** Entries supplied follows **
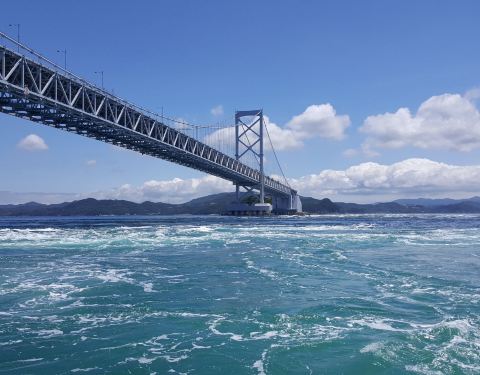 在日本本州與四囯之间,相隔一个海峽,是為濑户內海,而連结兩地者,实靠数座大橋相連,而当中連络德岛與本州的就是鳴门大橋,然此橋下方水流喘急,每日皆会形成巨大之旋涡,此乃該處之特点,而渐漸因此亦成為旅遊勝地,無論乘船观涡,或是在大橋上之涡之道观渦,也各具特色,是四国德岛之必遊项目。
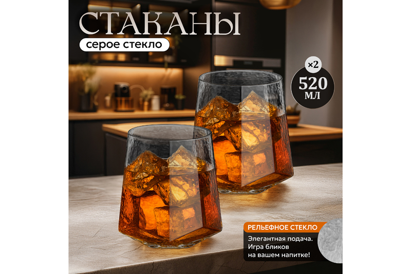 Набор 2 стаканов 520 мл 10*10*11 см "ICE", графит
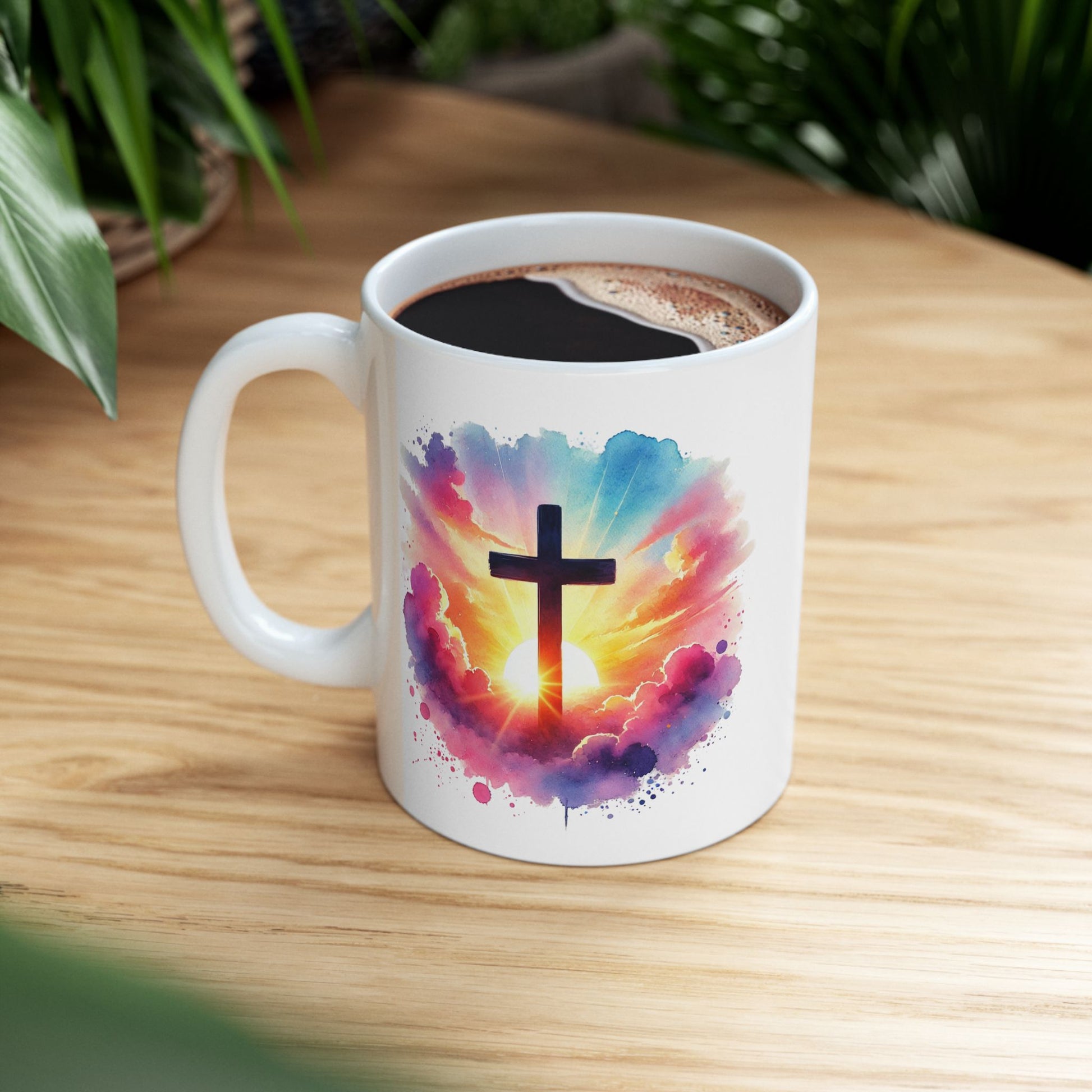 Christian Cross Sunrise Mug – Inspirational Faith Coffee Cup with Colorful Sky & Clouds, Religious Gift, Dishwasher Safe Prayer Mug
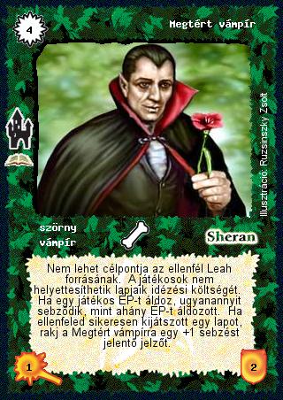 Szöveg: Nem lehet célpontja az ellenfél Leah forrásának. A játékosok nem helyettesíthetik lapjaik idézési költségét. Ha egy játékos ÉP-t áldoz, ugyanannyit sebződik, mint ahány ÉP-t áldozott. Ha ellenfeled sikeresen kijátszott egy lapot, rakj a Megtért vámpírra egy +1 sebzést jelentő jelzőt.
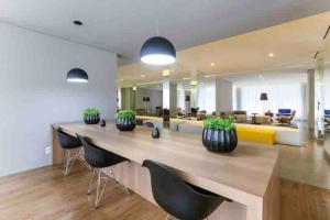 Located less than 1 km from Allianz Parque, Studio 416 - Turriasú is a modern apartment in Sao Paulo featuring air conditioning and an outdoor swimming pool with city and pool views. This single-room property includes a balcony that overlooks the pool as well as one bathroom.
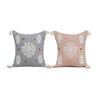 Hand embroidery done on linen faces, closed with a heavy brass zipper and finished with tassels, these pillows were inspired by the palaces found in glamorous city of Udaipur in the time of the Raj.
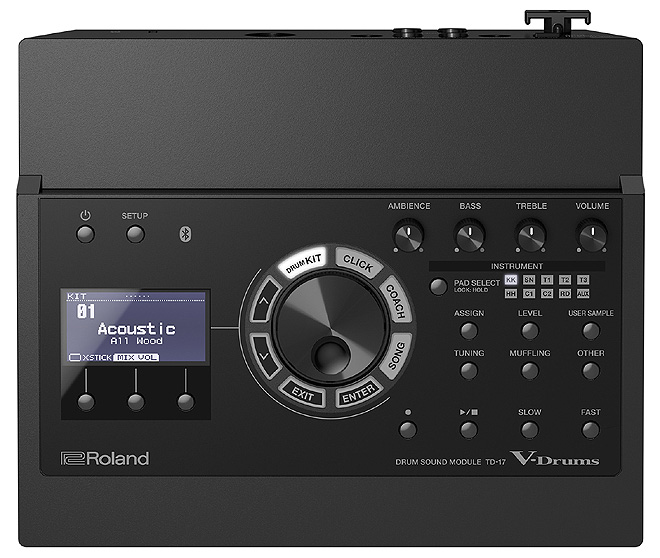 ▲Bluetooth機能を備えた新しいドラム・サウンド・モジュール「TD-17」(TD-17K-L-Sの音源部はBluetooth機能を持たない「TD-17L」)。
** End of Entries supplied **
• _What the task asks_:
Exactly the lines from the line that contains "Christian Cross Sunrise" through the last line above, and no other lines, must be output, with pictures excluded.

• _Written reply_:
 Christian Cross Sunrise Mug – Inspirational Faith Coffee Cup with Colorful Sky & Clouds, Religious Gift, Dishwasher Safe Prayer Mug
 Szöveg: Nem lehet célpontja az ellenfél Leah forrásának. A játékosok nem helyettesíthetik lapjaik idézési költségét. Ha egy játékos ÉP-t áldoz, ugyanannyit sebződik, mint ahány ÉP-t áldozott. Ha ellenfeled sikeresen kijátszott egy lapot, rakj a Megtért vámpírra egy +1 sebzést jelentő jelzőt.
 Located less than 1 km from Allianz Parque, Studio 416 - Turriasú is a modern apartment in Sao Paulo featuring air conditioning and an outdoor swimming pool with city and pool views. This single-room property includes a balcony that overlooks the pool as well as one bathroom.
 Hand embroidery done on linen faces, closed with a heavy brass zipper and finished with tassels, these pillows were inspired by the palaces found in glamorous city of Udaipur in the time of the Raj.
 ▲Bluetooth機能を備えた新しいドラム・サウンド・モジュール「TD-17」(TD-17K-L-Sの音源部はBluetooth機能を持たない「TD-17L」)。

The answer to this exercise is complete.